Genevieve Bell’s comments:

  • She started with the great story of how when she was hired at Intel, she asked her manager what she was supposed to study. Her manager said “Women.” Genevieve said “Um, women? You mean, all 3.2 billion of them?” “Yes, we don’t think we understand women.” “Okay….anything else?” “ROW” “What does ROW mean?” “Rest of World.” “So….World in this case means?” “The US” “Oh, okay, so everybody on the planet outside the US, plus women. No problem!”

  • One of her rallying cries is “That may be your world view, but it’s not everybody’s”
  • She said one of the reasons she was successful was “sheer stubbornness”, and that “people measure me by my being difficult”. One such story was where she told Paul Otellini, the CEO of Intel, that he was just wrong at a meeting. She could feel everybody around her internally gasping at her audacity, but Otellini asked her why, and she provided him with her data and supporting arguments and changed his mind. Yay anthropology!
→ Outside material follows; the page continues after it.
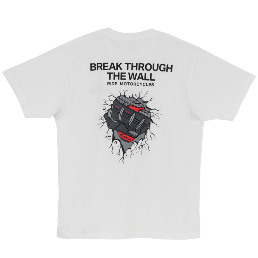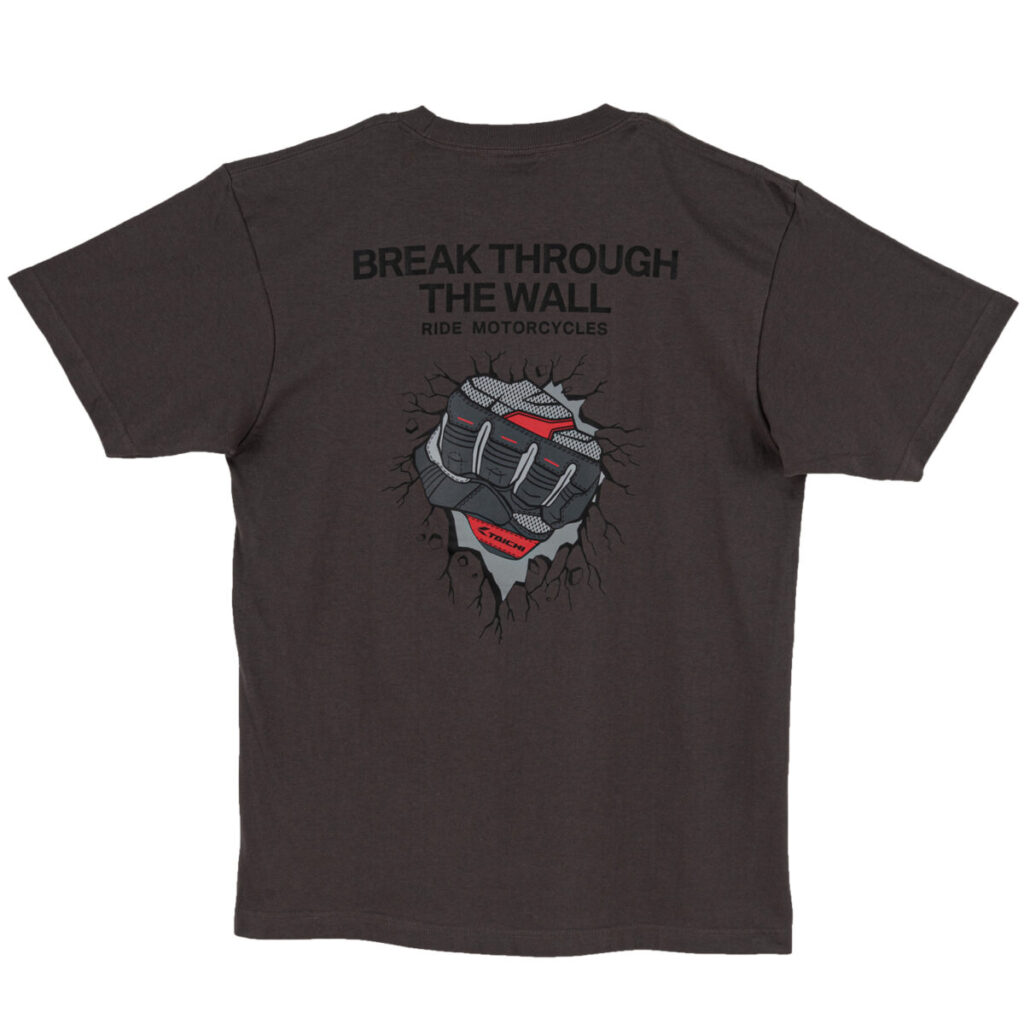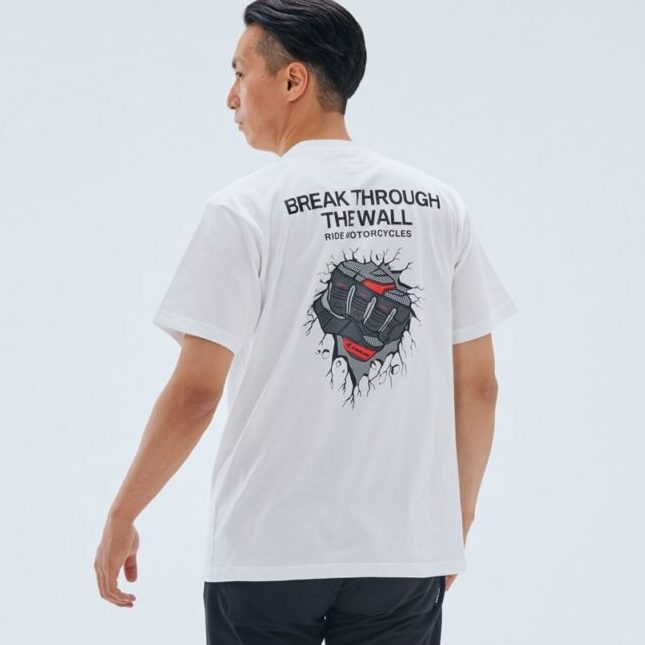 背面に壁を突き破るようなインパクトのあるグラフィックを施し、着ているだけで思わず外へ飛び出したくなるような躍動感あふれるデザイン。

I submitted a question that was selected by the panel moderator which was that in an increasingly specialized world where companies are looking for a specific skill set, and with innovation depending on busting silos, where does the generalist fit in? Genevieve had a great response, which was that a “generalist” adds value if they can “curate the conversation from multiple points of view”. She suggested that I was limiting myself by calling myself a generalist, and needed to re-brand and re-imagine my role to create an specialization that companies would value (e.g. “curator”). George said something similar, where he recommended thinking of myself as an integrator, not as a person outside of specialization. Another point he brought up when I approached him after the panel was that the idea of being T-shaped, with both a broad awareness and a deep area of specialization, is somewhat outmoded – we actually need more people who can integrate different viewpoints by having a certain level of depth in multiple fields, rather than just a shallow awareness in several and a deep expertise in one.

The final discussion was interesting, where an audience member asked about how to apply these ideas to health care. Laura suggested taking George’s viewpoint of focusing on the patient, and re-centering everything in the business around the patient. Instead of having specializations where each doctor was only responsible for their area leading to patients getting passed all around the hospital from doctor to doctor, re-design the whole process around making the patient experience better. George expanded upon that by suggesting that we don’t think of patients as sick, but as healthy people who are temporarily un-well, and thinking of medicine as the process to accelerate them back to their normal selves as quickly as possible.

Genevieve then blew my mind by asking if we could take a similar approach to government, where we put the citizen in the middle and organize the government around enabling the citizen. She didn’t exactly know what that would mean, and it depends on the idea that citizens embrace their role as representing their country. People would have to go beyond thinking of themselves as tax-payers who get services from their government (police, army, social security, etc), towards being citizens who embrace their role as representing the government. It was an interesting thought-experiment and a great way to end the night.

Nifty ideas all around. Fun thought-provoking evening, and I’ll have to think more about my generalist branding given the feedback from the panel.